**SUPPLIED MATERIAL**
※

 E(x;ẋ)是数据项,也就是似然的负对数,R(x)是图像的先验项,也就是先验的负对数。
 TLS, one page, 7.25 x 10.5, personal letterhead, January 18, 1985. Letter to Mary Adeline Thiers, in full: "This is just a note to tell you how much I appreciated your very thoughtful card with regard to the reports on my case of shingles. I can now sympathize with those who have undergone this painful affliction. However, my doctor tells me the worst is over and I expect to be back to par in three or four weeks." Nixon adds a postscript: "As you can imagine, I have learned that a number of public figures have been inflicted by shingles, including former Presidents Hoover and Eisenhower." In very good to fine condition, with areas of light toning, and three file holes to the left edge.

※

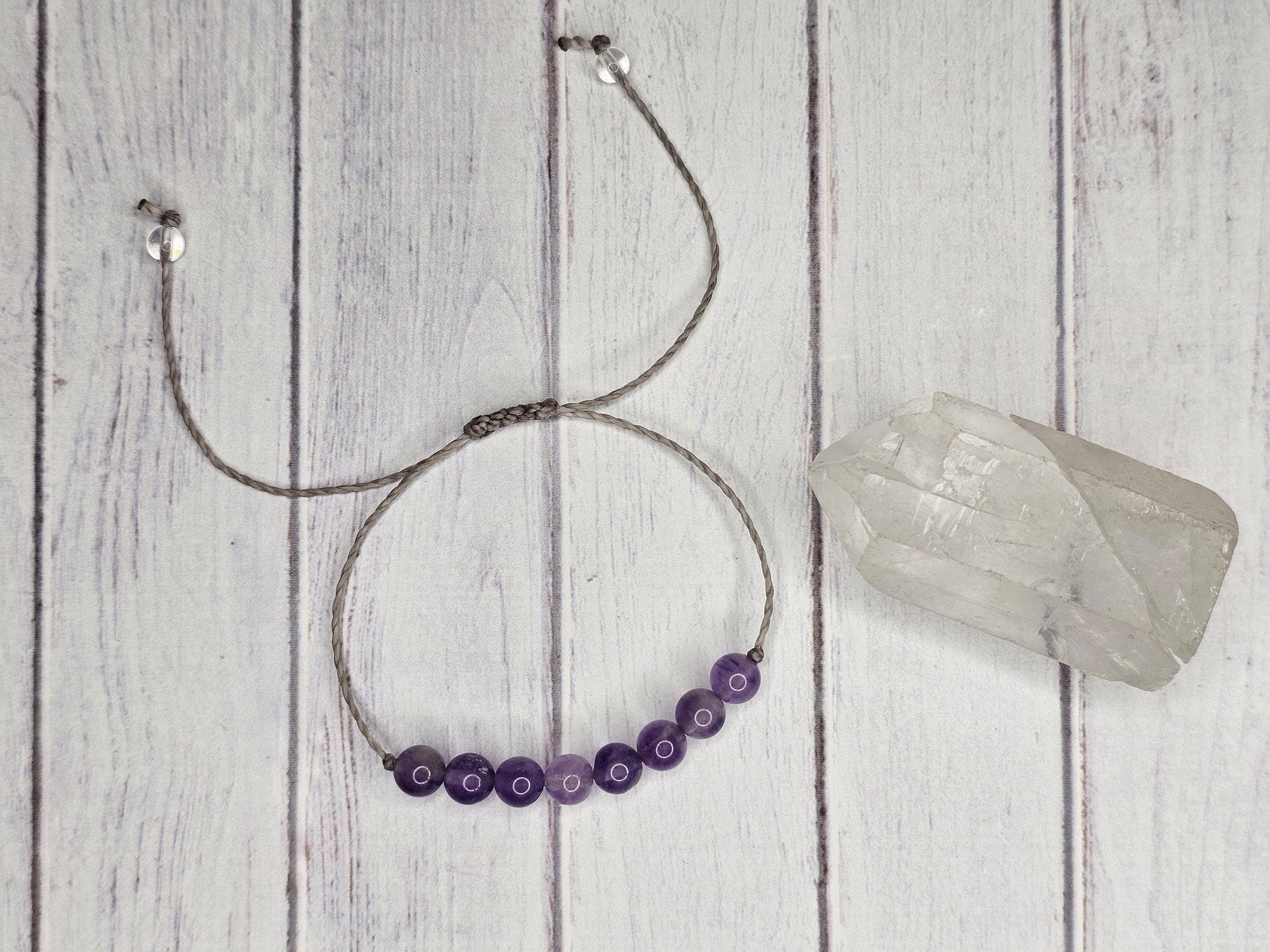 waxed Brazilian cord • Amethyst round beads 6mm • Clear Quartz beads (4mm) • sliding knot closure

※

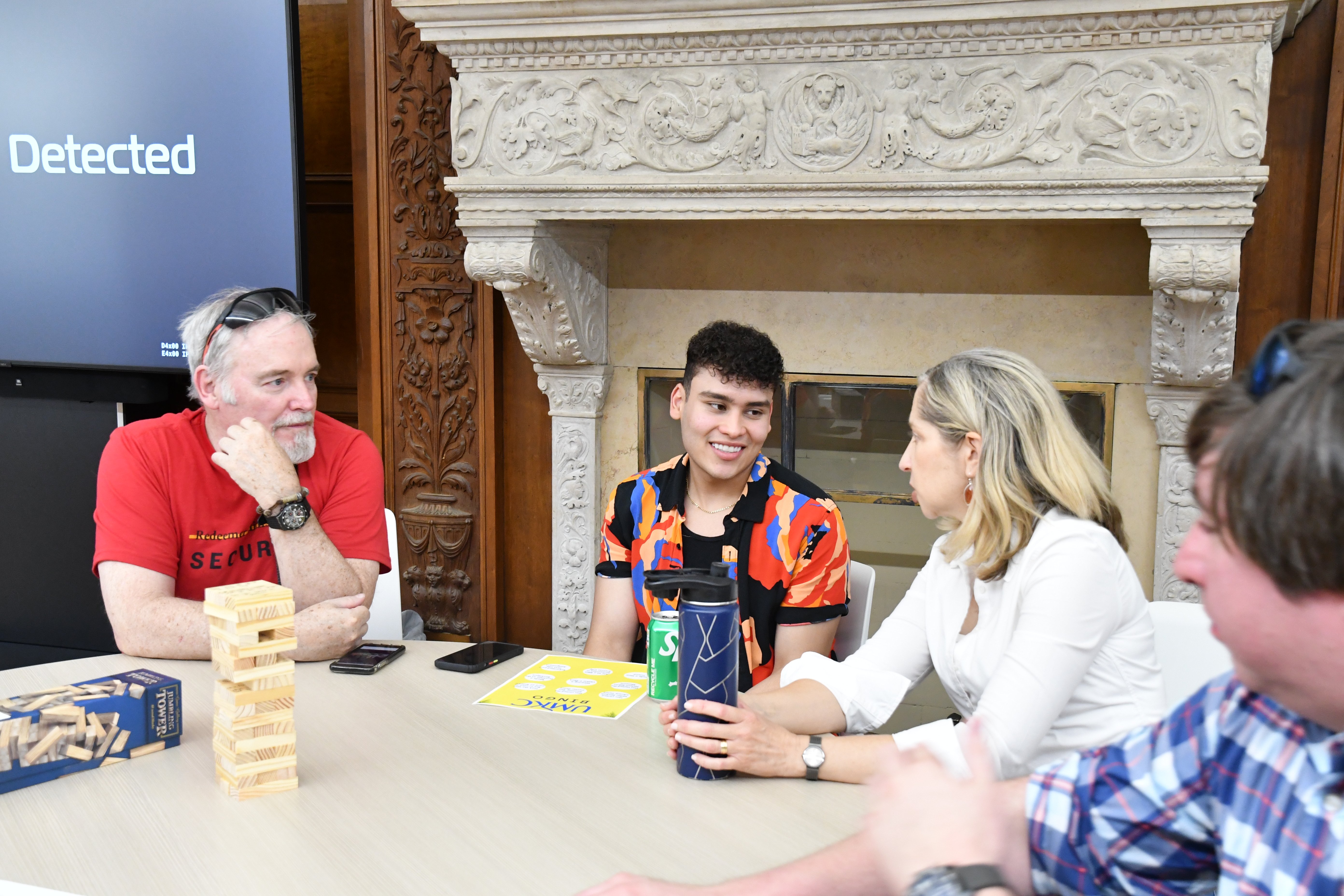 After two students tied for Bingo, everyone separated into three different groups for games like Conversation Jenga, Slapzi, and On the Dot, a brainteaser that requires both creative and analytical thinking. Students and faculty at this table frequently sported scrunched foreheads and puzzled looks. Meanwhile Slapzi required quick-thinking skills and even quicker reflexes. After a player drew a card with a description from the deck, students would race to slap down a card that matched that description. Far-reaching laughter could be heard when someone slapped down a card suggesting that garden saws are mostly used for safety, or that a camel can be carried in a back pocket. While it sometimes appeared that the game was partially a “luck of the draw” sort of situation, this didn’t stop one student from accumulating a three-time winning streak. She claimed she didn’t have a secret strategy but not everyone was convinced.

※

**WHAT IS BEING ASKED**
In the entries above, find the line with "E(x;ẋ)是数据项,也就是" and the line with "TLS, one page, 7.25", then set down exactly those two and every line between them, nothing else.

**ANSWER**
 E(x;ẋ)是数据项,也就是似然的负对数,R(x)是图像的先验项,也就是先验的负对数。
 TLS, one page, 7.25 x 10.5, personal letterhead, January 18, 1985. Letter to Mary Adeline Thiers, in full: "This is just a note to tell you how much I appreciated your very thoughtful card with regard to the reports on my case of shingles. I can now sympathize with those who have undergone this painful affliction. However, my doctor tells me the worst is over and I expect to be back to par in three or four weeks." Nixon adds a postscript: "As you can imagine, I have learned that a number of public figures have been inflicted by shingles, including former Presidents Hoover and Eisenhower." In very good to fine condition, with areas of light toning, and three file holes to the left edge.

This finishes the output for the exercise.